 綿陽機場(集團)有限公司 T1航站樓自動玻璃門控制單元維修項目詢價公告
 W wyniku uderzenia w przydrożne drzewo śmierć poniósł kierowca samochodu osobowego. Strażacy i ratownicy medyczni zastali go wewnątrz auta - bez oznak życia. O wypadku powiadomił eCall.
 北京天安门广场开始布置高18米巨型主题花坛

● ● ● ● ●

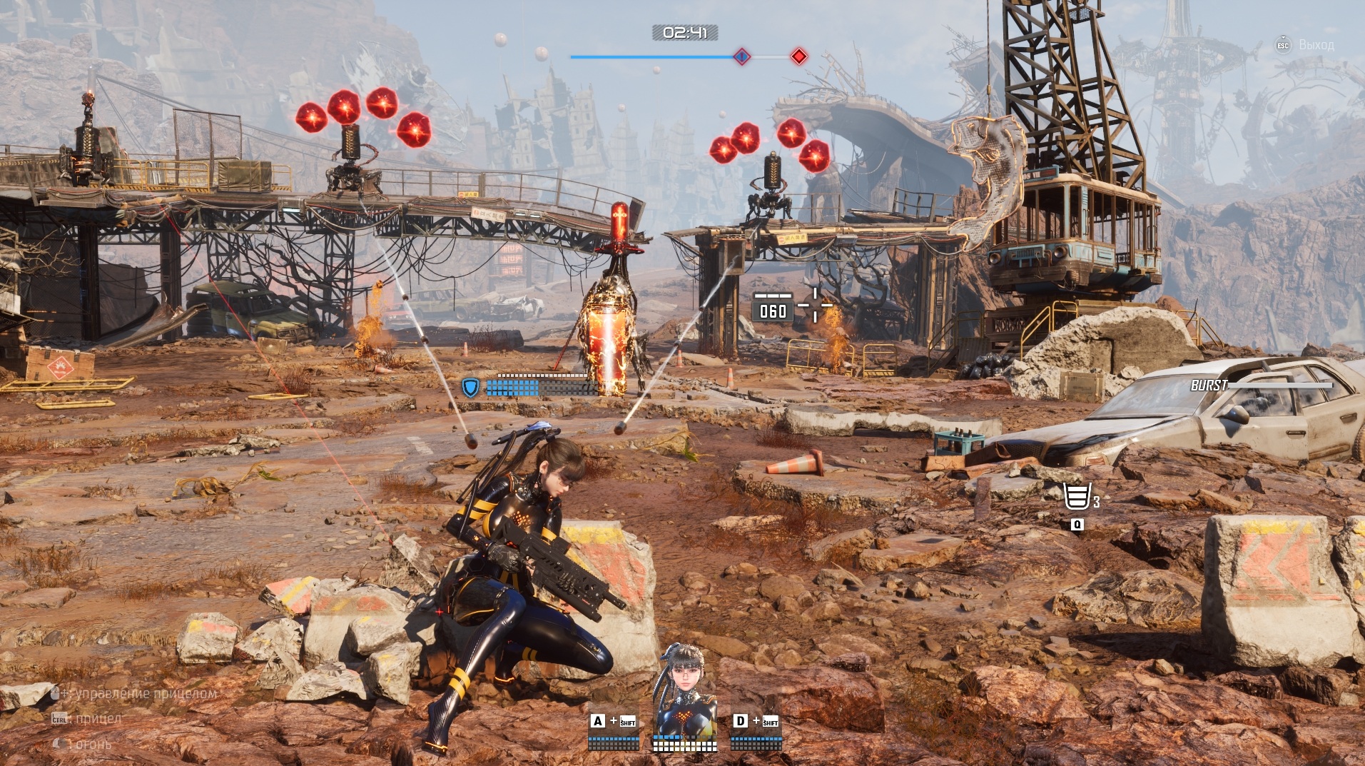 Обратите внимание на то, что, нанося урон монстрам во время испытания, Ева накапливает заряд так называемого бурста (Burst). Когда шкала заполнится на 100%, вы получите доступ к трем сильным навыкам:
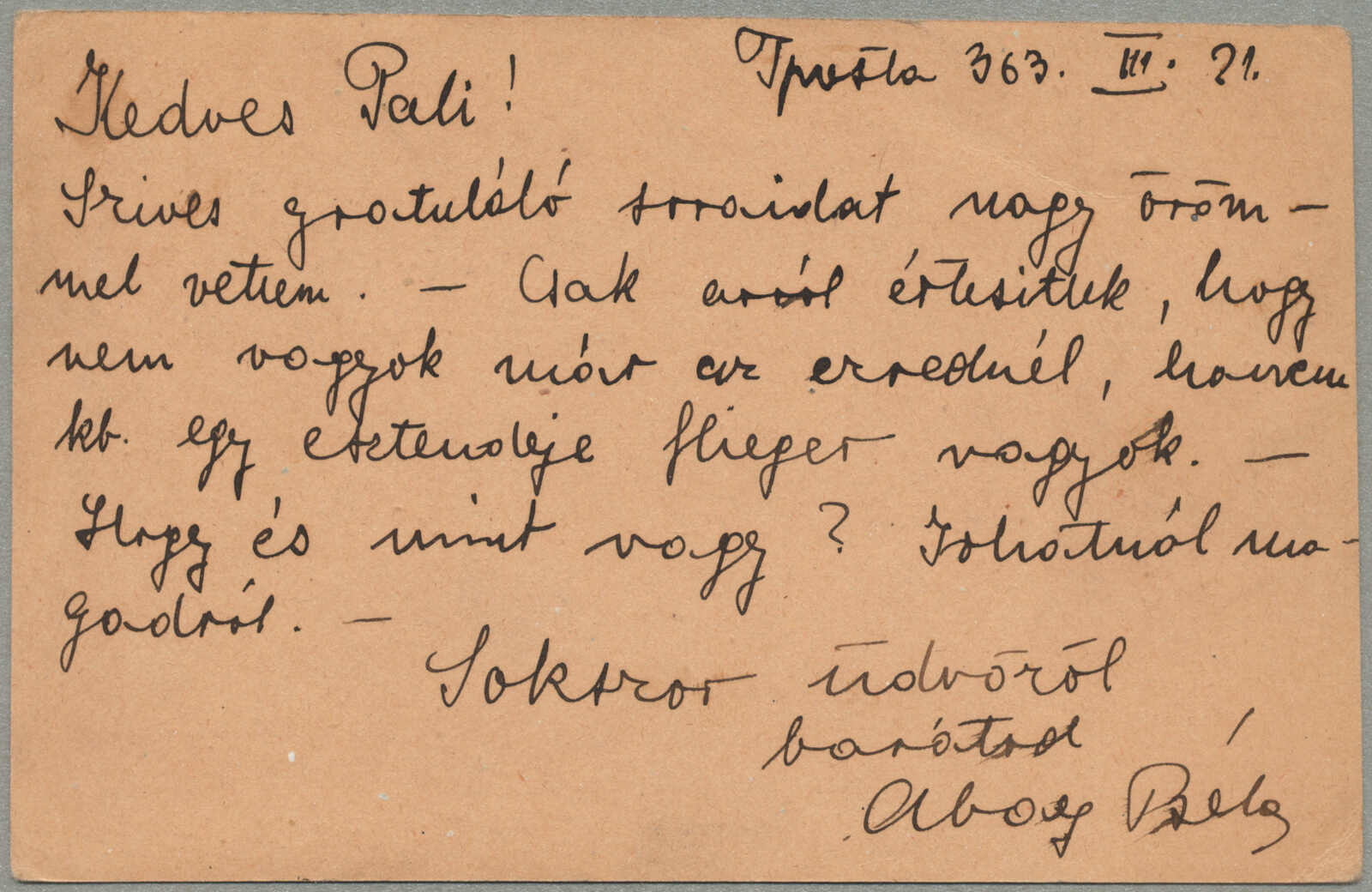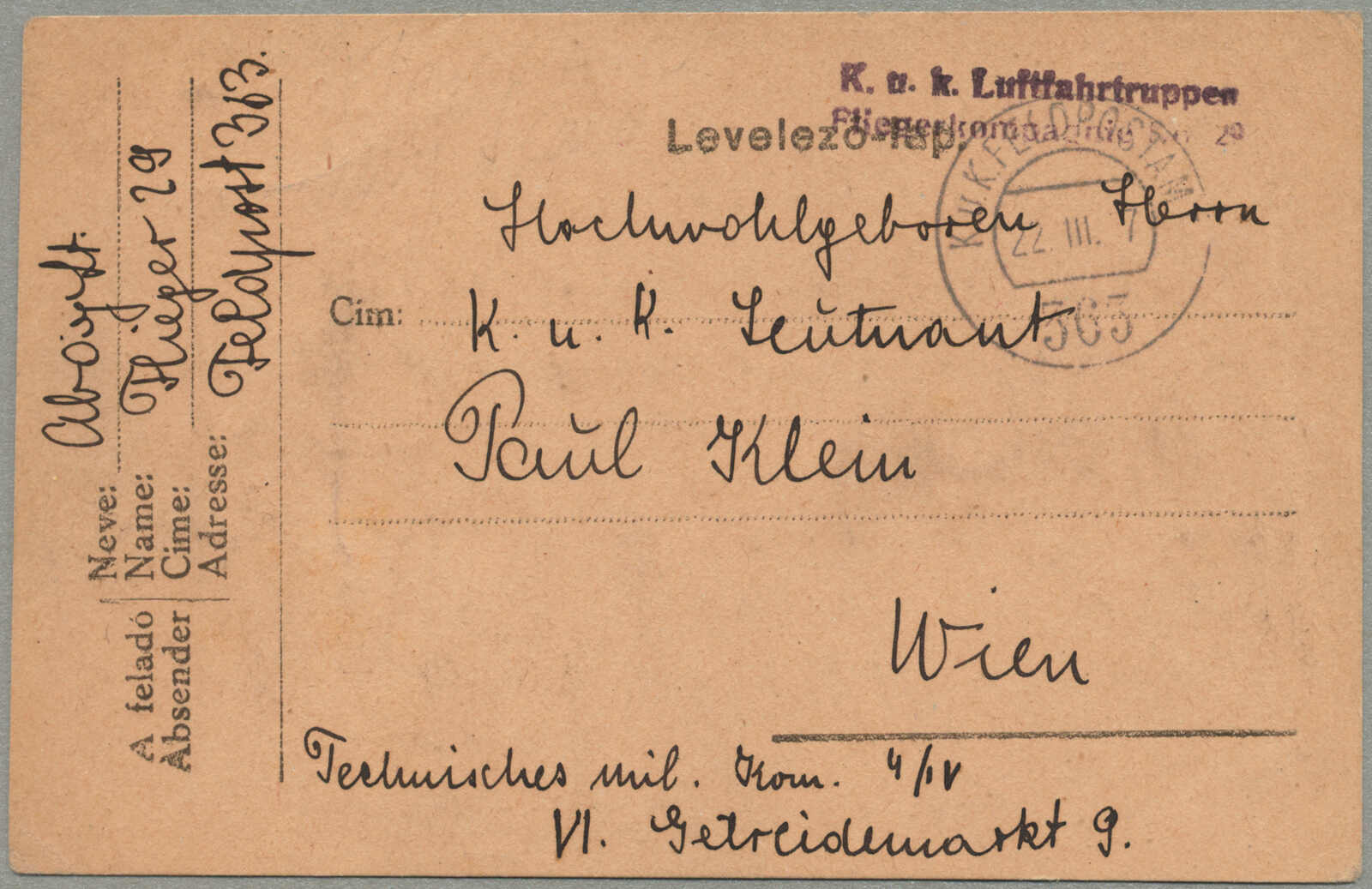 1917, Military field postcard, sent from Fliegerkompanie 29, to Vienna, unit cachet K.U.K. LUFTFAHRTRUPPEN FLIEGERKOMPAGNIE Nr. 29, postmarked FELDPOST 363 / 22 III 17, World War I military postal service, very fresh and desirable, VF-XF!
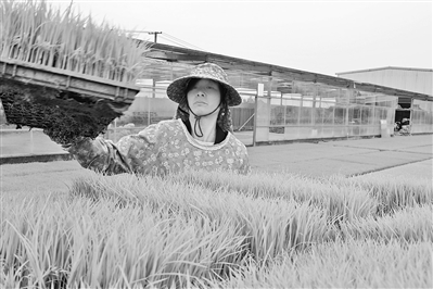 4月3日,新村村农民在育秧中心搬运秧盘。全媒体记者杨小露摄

● ● ● ● ●

### Exercise description
In the entries above, find the line that contains "1917, Military field" and the line that contains "4月3日,新村村农民在育秧中心搬运秧盘。全媒体记者杨小露摄". Reproduce exactly those two lines and every line between them, but not the pictures.

### Solved problem
 1917, Military field postcard, sent from Fliegerkompanie 29, to Vienna, unit cachet K.U.K. LUFTFAHRTRUPPEN FLIEGERKOMPAGNIE Nr. 29, postmarked FELDPOST 363 / 22 III 17, World War I military postal service, very fresh and desirable, VF-XF!
 4月3日,新村村农民在育秧中心搬运秧盘。全媒体记者杨小露摄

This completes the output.